**What to produce**
Your copy must hold all of the data below, unchanged and without images.

(Data excerpts)

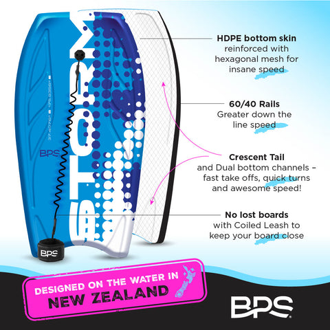 PERFECT FOR EVERYONE 👨👩👧👦 If you have a kid wanting to step up or an adult looking to catch some serious waves, the BPS 'STORM' PRO Bodyboard is designed to be the right swimming board for people of all skill levels. With its lightweight construction and compact size, it’s easy to take with you on all your beach adventures.
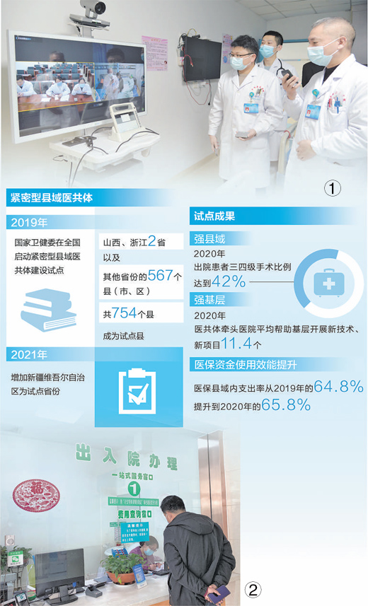近日,國家衛(wèi)健委印發(fā)《醫(yī)療機(jī)構(gòu)設(shè)置規(guī)劃指導(dǎo)原則(2021—2025年)》,要求按照縣鄉(xiāng)一體化、鄉(xiāng)村一體化原則積極發(fā)展緊密型縣域醫(yī)共體。2019年,國家衛(wèi)健委在全國啟動緊密型縣域醫(yī)共體建設(shè)試點(diǎn)。目前全國已有535個縣建成縣、鄉(xiāng)、村三級聯(lián)動的緊密型縣域醫(yī)共體,試點(diǎn)縣醫(yī)療服務(wù)效能提高,縣域內(nèi)就診率超90%。
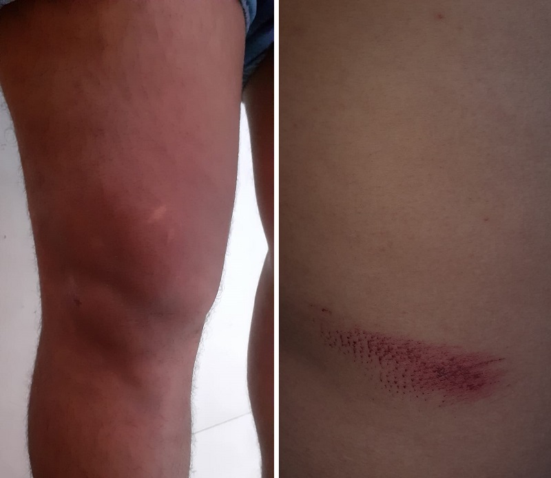 “Lembro que deixei todos na mesa e fui falar com um primo em um restaurante ao lado e, enquanto eu estava lá, o Cleiton – não sei como e nem por que – foi para a mesa onde estava meu marido e o casal que nos acompanhava e ficou conversando com eles [o casal]. Quando eu retornei para a mesa, lembro que Cleiton só falava com o casal e meu marido ficava calado e sem nenhuma explicação comecei uma discussão com ele [Cleiton]. Eu não lembro o motivo da discussão. Estava muito embriagada e me alterei bastante. Foi aí que o casal que nos acompanhava decidiu pagar a conta para que todos nós fôssemos embora. Só lembro que quando já íamos saindo o Cleiton e os amigos me derrubaram e meu marido, que, por causa da bebida, tinha perdido a coordenação motora, e nos espancaram bastante. Eram chutes e socos em todos os lugares e eles ainda deslocaram uma das pernas dele. Foram minutos de terror”, recorda a vítima.
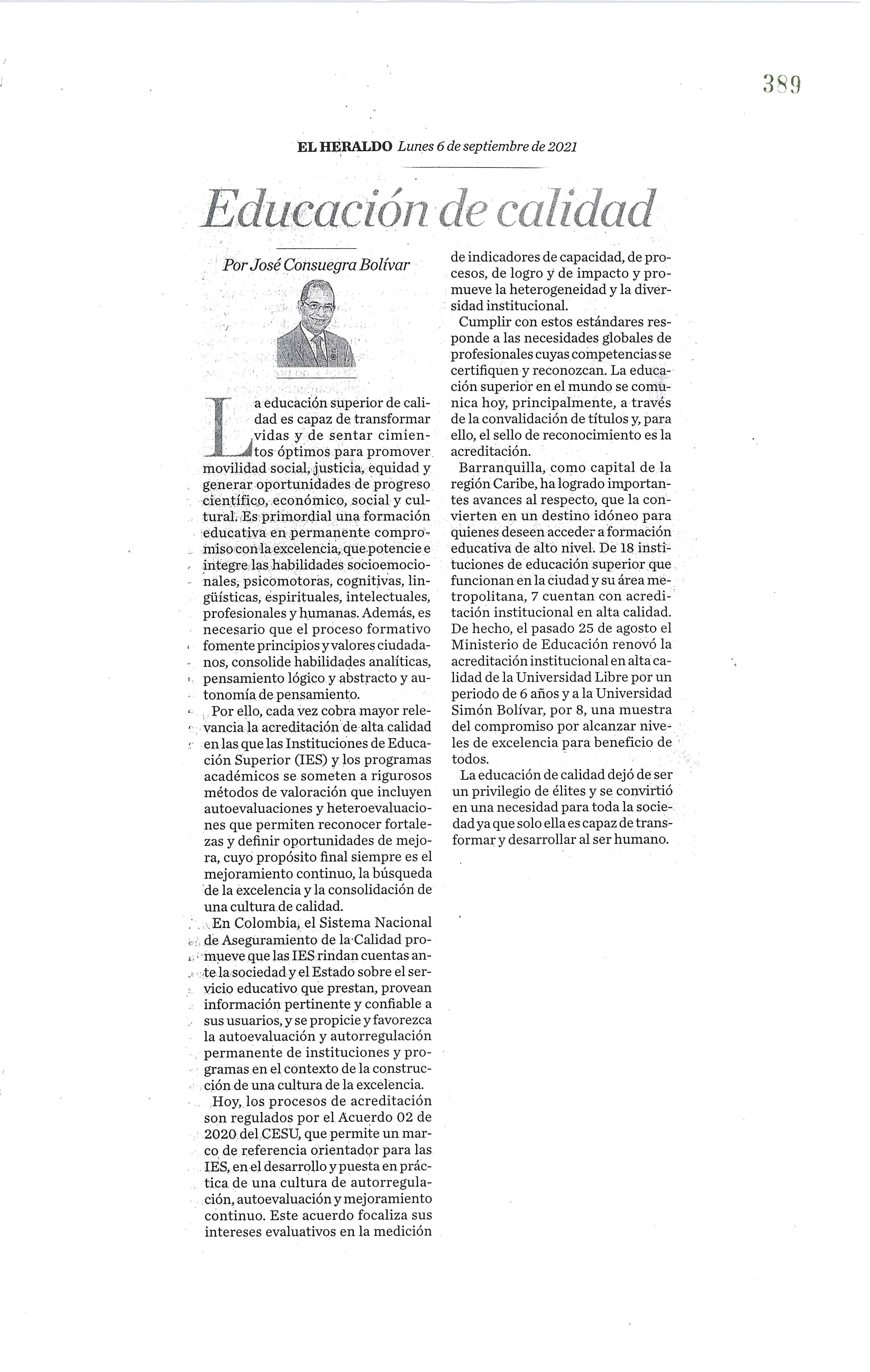 José Consuegra Bolívar Rector
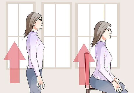 Maintain good posture. Maintain correct posture while standing, sitting, or even sleeping. This can help ensure that you're not aggravating your condition by posture. When standing, keep your shoulders pulled back, yet relaxed. Lift your head up tall as if there is a string attached to the middle of your head and is pulling you upwards. Pull in your stomach slightly and put equal weight on both feet. Sit with your back straight and use a pillow to support your lower back, with your feet stable on the floor. Like standing, keep shoulders pulled back and relaxed. When sleeping, make sure that your bed mattress is firm and distributes your body weight evenly, while supporting your back in a straight position.
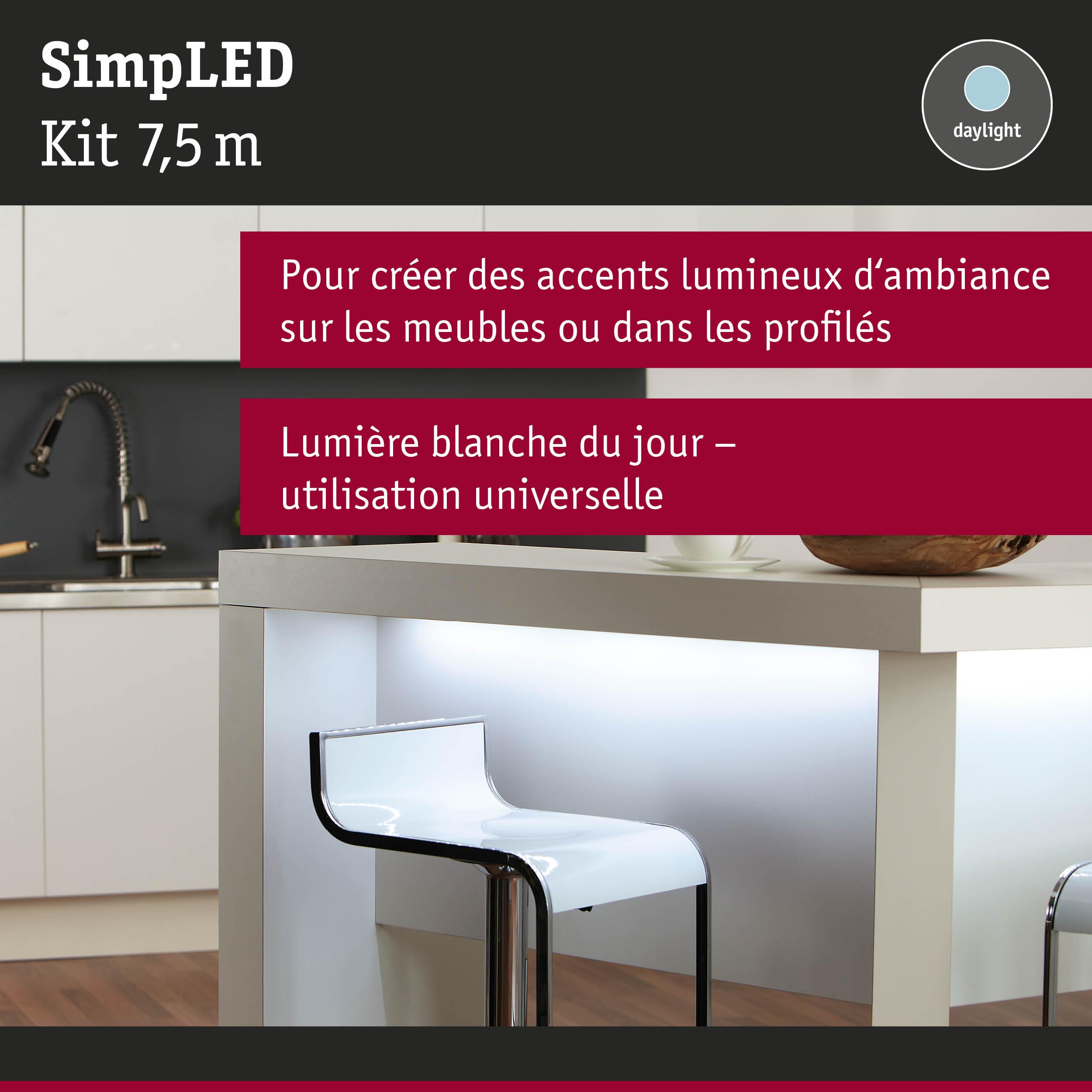SimpLED Strip LED Blanc lumière Kit complet 7,5m revêtue 20W 60 LEDs/m 6500K 24VA
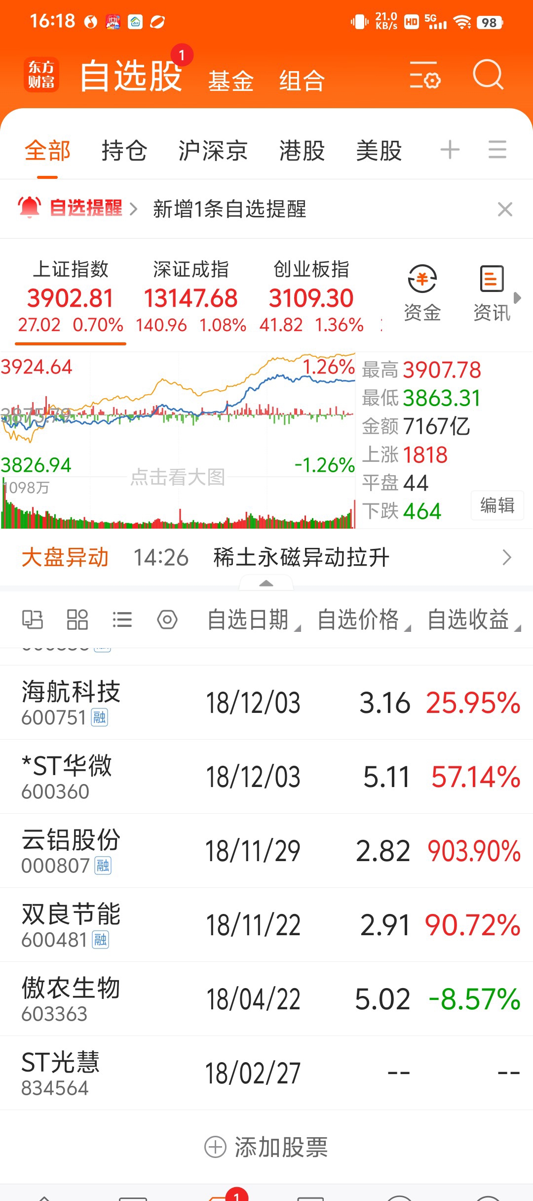 $云铝股份(SZ000807)$ 从18年就看着你涨,一直没买,这多年买这个买那个忙的不得了,现在还是亏着的,
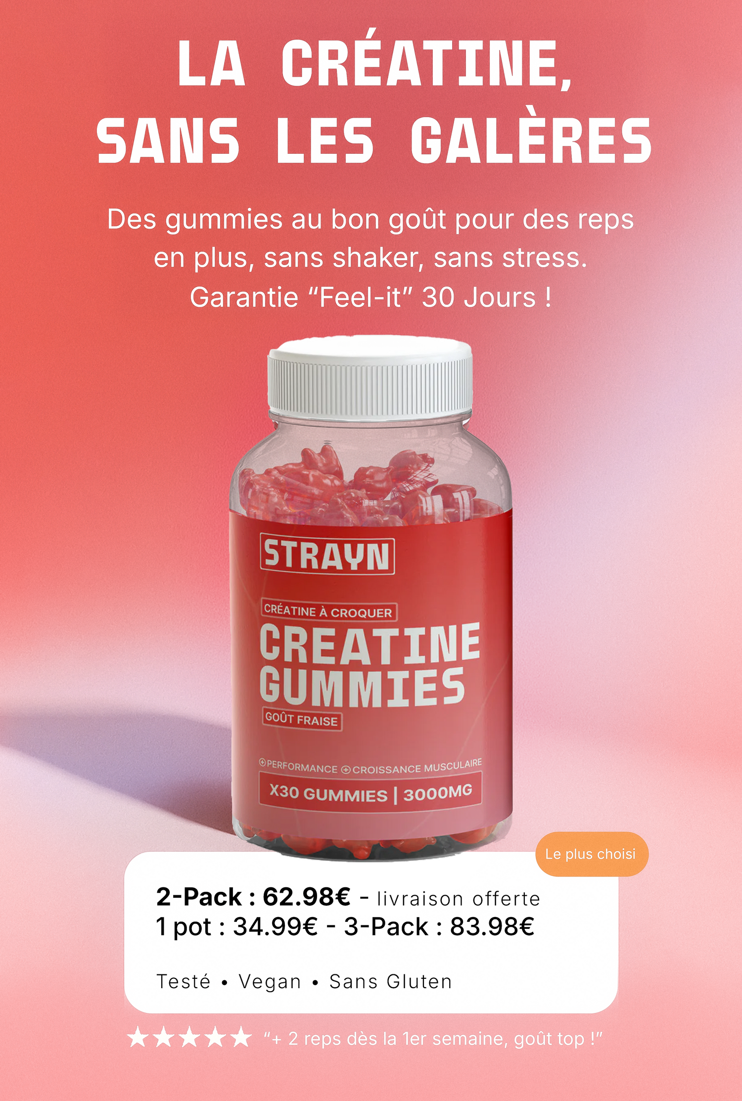 Compactes et nomades, nos gummies créatine se glissent dans ton sac pour t’accompagner à chaque séance — de la salle au parc, sans jamais faiblir.
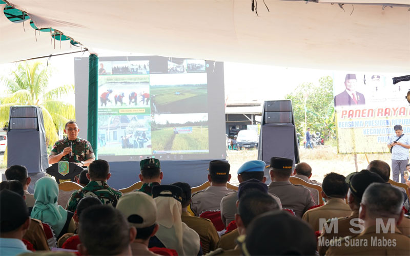 MediaSuaraMabes, Sambas – Pangdam XII/Tpr Mayjen TNI Jamallulael, S.Sos., M.Si., menghadiri kegiatan panen raya padi secara serentak di 14 Provinsi yang digelar secara virtual bersama Presiden RI Prabowo Subianto, bertempat di area persawahan Dusun Lestari, Desa Mensere, Kec. Tebas, Kab Sambas, Senin (07/4/25).
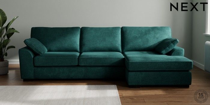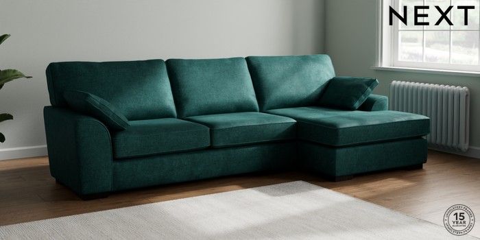 7.2.10 Buy Stamford Large Sofa Chaise - Right Hand Plush Chenille Dark Teal Green Large Square Angle - Dark from the Next UK online shop Click here to use our accessible website
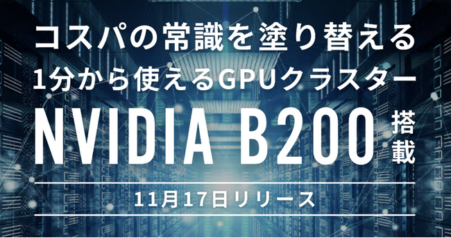GPUクラウドサービス「GPUSOROBAN」を展開する株式会社ハイレゾ(本社:東京都新宿区、代表取締役:志倉喜幸、以下当社)は、10月7日に「NVIDIA B200搭載マルチノード型ハイエンドGPUクラスタ」として発表していたサービスにつきまして、NVIDIA B200クラスター構成の環境をGPU1枚・1分単位の課金で提供し、新たにポイント制を導入した「GPUSOROBAN 計算クラスター B200」として、本日付で正式リリースしましたことをお知らせいたします。

**Task answer**
 PERFECT FOR EVERYONE 👨👩👧👦 If you have a kid wanting to step up or an adult looking to catch some serious waves, the BPS 'STORM' PRO Bodyboard is designed to be the right swimming board for people of all skill levels. With its lightweight construction and compact size, it’s easy to take with you on all your beach adventures.
近日,國家衛(wèi)健委印發(fā)《醫(yī)療機(jī)構(gòu)設(shè)置規(guī)劃指導(dǎo)原則(2021—2025年)》,要求按照縣鄉(xiāng)一體化、鄉(xiāng)村一體化原則積極發(fā)展緊密型縣域醫(yī)共體。2019年,國家衛(wèi)健委在全國啟動緊密型縣域醫(yī)共體建設(shè)試點(diǎn)。目前全國已有535個縣建成縣、鄉(xiāng)、村三級聯(lián)動的緊密型縣域醫(yī)共體,試點(diǎn)縣醫(yī)療服務(wù)效能提高,縣域內(nèi)就診率超90%。
 “Lembro que deixei todos na mesa e fui falar com um primo em um restaurante ao lado e, enquanto eu estava lá, o Cleiton – não sei como e nem por que – foi para a mesa onde estava meu marido e o casal que nos acompanhava e ficou conversando com eles [o casal]. Quando eu retornei para a mesa, lembro que Cleiton só falava com o casal e meu marido ficava calado e sem nenhuma explicação comecei uma discussão com ele [Cleiton]. Eu não lembro o motivo da discussão. Estava muito embriagada e me alterei bastante. Foi aí que o casal que nos acompanhava decidiu pagar a conta para que todos nós fôssemos embora. Só lembro que quando já íamos saindo o Cleiton e os amigos me derrubaram e meu marido, que, por causa da bebida, tinha perdido a coordenação motora, e nos espancaram bastante. Eram chutes e socos em todos os lugares e eles ainda deslocaram uma das pernas dele. Foram minutos de terror”, recorda a vítima.
 José Consuegra Bolívar Rector
 Maintain good posture. Maintain correct posture while standing, sitting, or even sleeping. This can help ensure that you're not aggravating your condition by posture. When standing, keep your shoulders pulled back, yet relaxed. Lift your head up tall as if there is a string attached to the middle of your head and is pulling you upwards. Pull in your stomach slightly and put equal weight on both feet. Sit with your back straight and use a pillow to support your lower back, with your feet stable on the floor. Like standing, keep shoulders pulled back and relaxed. When sleeping, make sure that your bed mattress is firm and distributes your body weight evenly, while supporting your back in a straight position.
SimpLED Strip LED Blanc lumière Kit complet 7,5m revêtue 20W 60 LEDs/m 6500K 24VA
 $云铝股份(SZ000807)$ 从18年就看着你涨,一直没买,这多年买这个买那个忙的不得了,现在还是亏着的,
 Compactes et nomades, nos gummies créatine se glissent dans ton sac pour t’accompagner à chaque séance — de la salle au parc, sans jamais faiblir.
 MediaSuaraMabes, Sambas – Pangdam XII/Tpr Mayjen TNI Jamallulael, S.Sos., M.Si., menghadiri kegiatan panen raya padi secara serentak di 14 Provinsi yang digelar secara virtual bersama Presiden RI Prabowo Subianto, bertempat di area persawahan Dusun Lestari, Desa Mensere, Kec. Tebas, Kab Sambas, Senin (07/4/25).
 7.2.10 Buy Stamford Large Sofa Chaise - Right Hand Plush Chenille Dark Teal Green Large Square Angle - Dark from the Next UK online shop Click here to use our accessible website
GPUクラウドサービス「GPUSOROBAN」を展開する株式会社ハイレゾ(本社:東京都新宿区、代表取締役:志倉喜幸、以下当社)は、10月7日に「NVIDIA B200搭載マルチノード型ハイエンドGPUクラスタ」として発表していたサービスにつきまして、NVIDIA B200クラスター構成の環境をGPU1枚・1分単位の課金で提供し、新たにポイント制を導入した「GPUSOROBAN 計算クラスター B200」として、本日付で正式リリースしましたことをお知らせいたします。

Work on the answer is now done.